Hebbian Learning
At its core, Hebbian Learning is a neuroscientific theory introduced by Donald Hebb in 1949, famously summarized as: "Neurons that fire together, wire together." In the context of artificial neural networks and machine learning, it translates to an unsupervised learning rule where the synaptic weight between two neurons increases if both neurons are activated simultaneously.
1. The Basic Hebbian Rule
Consider a pre-synaptic neuron \(i\) with activation \(x_i\) and a post-synaptic neuron \(j\) with activation \(y_j\).

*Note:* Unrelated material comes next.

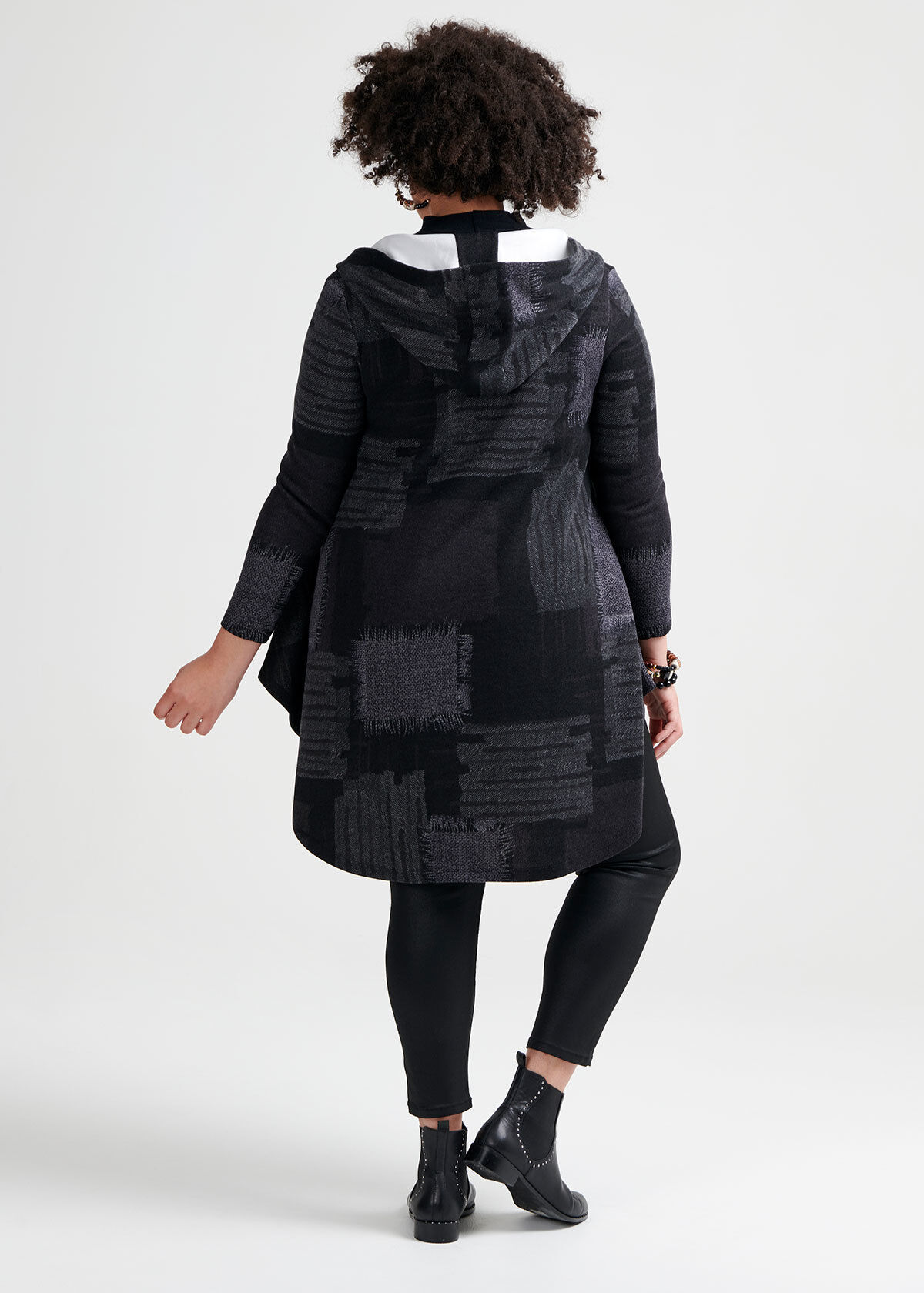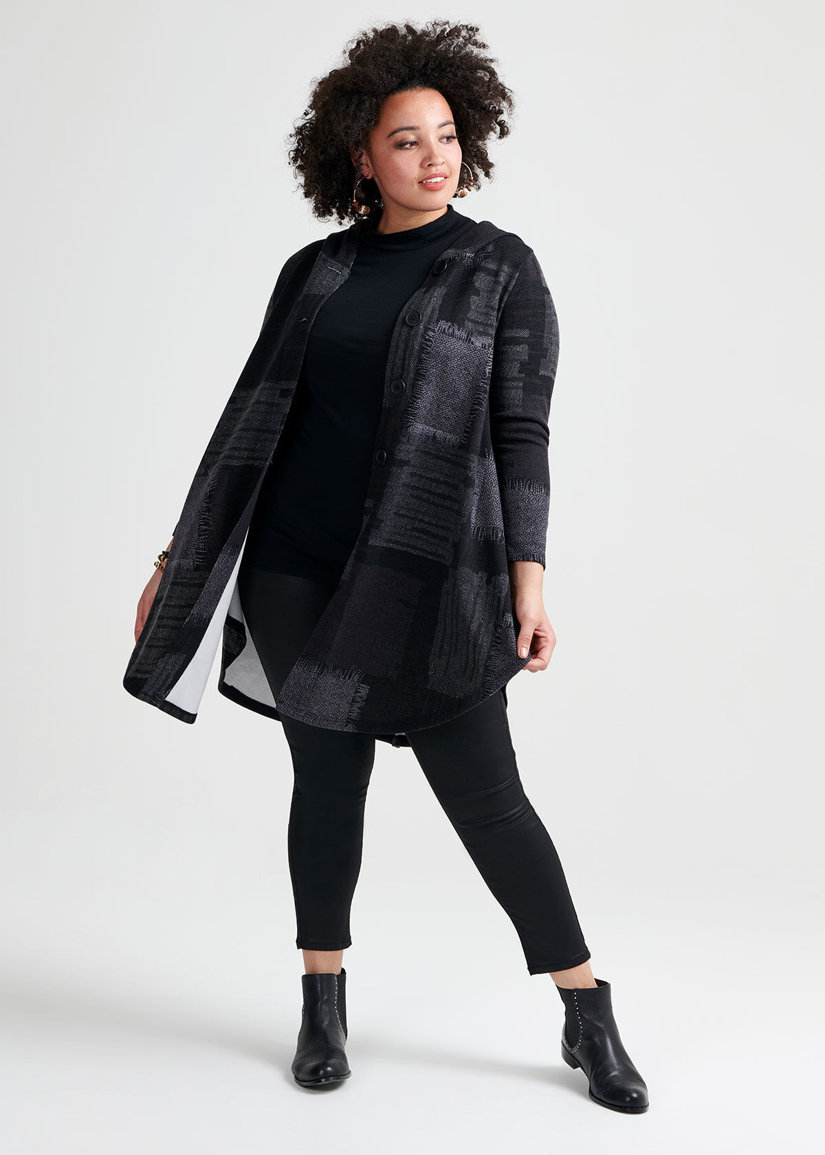 UGG Classic Cardy Black size 9 . . . It looks GREAT with black leggings and a nice cozy sweater . I probably wouldn't wear this on a heavily snowy day, just because I would be concerned of the snow melting into the sweater and it becoming wet - they arent waterproof and dont have anything to protect against . But they have already gotten plenty of use!

The synaptic weight connecting them is \(w_{ij}\).
The simplest mathematical formulation of the Hebbian update rule is:
\[\Delta w_{ij} = \eta x_i y_j\]
Where:
- \(\Delta w_{ij}\) is the change in the synaptic weight.
- \(\eta\) is the learning rate (a small positive scalar).
- \(x_i\) is the input from the pre-synaptic neuron.
- \(y_j\) is the output of the post-synaptic neuron.
The weight is updated iteratively over time:
\[w_{ij}(t+1) = w_{ij}(t) + \Delta w_{ij}\]
The Problem: If \(x_i\) and \(y_j\) are consistently positive, the weight \(w_{ij}\) will grow indefinitely towards infinity. This unbounded growth makes the basic rule numerically unstable for practical machine learning implementations.
2. The Covariance Rule
To prevent weights from only increasing, the Covariance Rule centers the activations around their mean (expectation). This allows weights to decrease (anti-Hebbian learning) when the neurons fire out of sync.
\[\Delta w_{ij} = \eta (x_i - \bar{x}_i)(y_j - \bar{y}_j)\]
Where:
- \(\bar{x}_i\) is the time-averaged expected value of the input.
- \(\bar{y}_j\) is the time-averaged expected value of the output.
If the activation of neuron \(i\) is above its average while neuron \(j\) is also above its average, the weight increases. If one is above average and the other is below, the product is negative, and the weight decreases.
3. Oja's Rule (Normalization)
To solve the unbounded weight growth problem of the basic rule while keeping the formulation local (only depending on the connected neurons), Erkki Oja introduced a multiplicative normalization term. It approximates continuous weight normalization (\(\sum w_i^2 = 1\)).
Oja's Rule is defined as:
\[\Delta w_{ij} = \eta y_j (x_i - y_j w_{ij})\]
Why this works: \* The term \(\eta y_j x_i\) is the standard Hebbian expansion.
- The term \(- \eta y_j^2 w_{ij}\) is a weight decay factor that strengthens as the output \(y_j\) and the weight \(w_{ij}\) grow.
- This decay acts as a stabilizing constraint, naturally forcing the weight vector to converge to the principal eigenvector of the input data's covariance matrix. In other words, a linear neuron equipped with Oja's rule acts as a principal component analyzer (PCA).
4. BCM Theory (Bienenstock, Cooper, and Munro)
Another advanced formulation introduces a sliding threshold (\(\theta_M\)) to determine whether synapses should strengthen (LTP) or weaken (LTD).
\[\Delta w_{ij} = \eta x_i y_j (y_j - \theta_M)\]
- If \(y_j > \theta_M\), the weight increases (Long-Term Potentiation).
- If \(0 < y_j < \theta_M\), the weight decreases (Long-Term Depression).
- The threshold \(\theta_M\) is not static; it scales with the historical average of the output activation (e.g., \(\theta_M = E[y^2]\)), creating a homeostatic feedback loop that keeps the neuron's firing rate in a healthy range.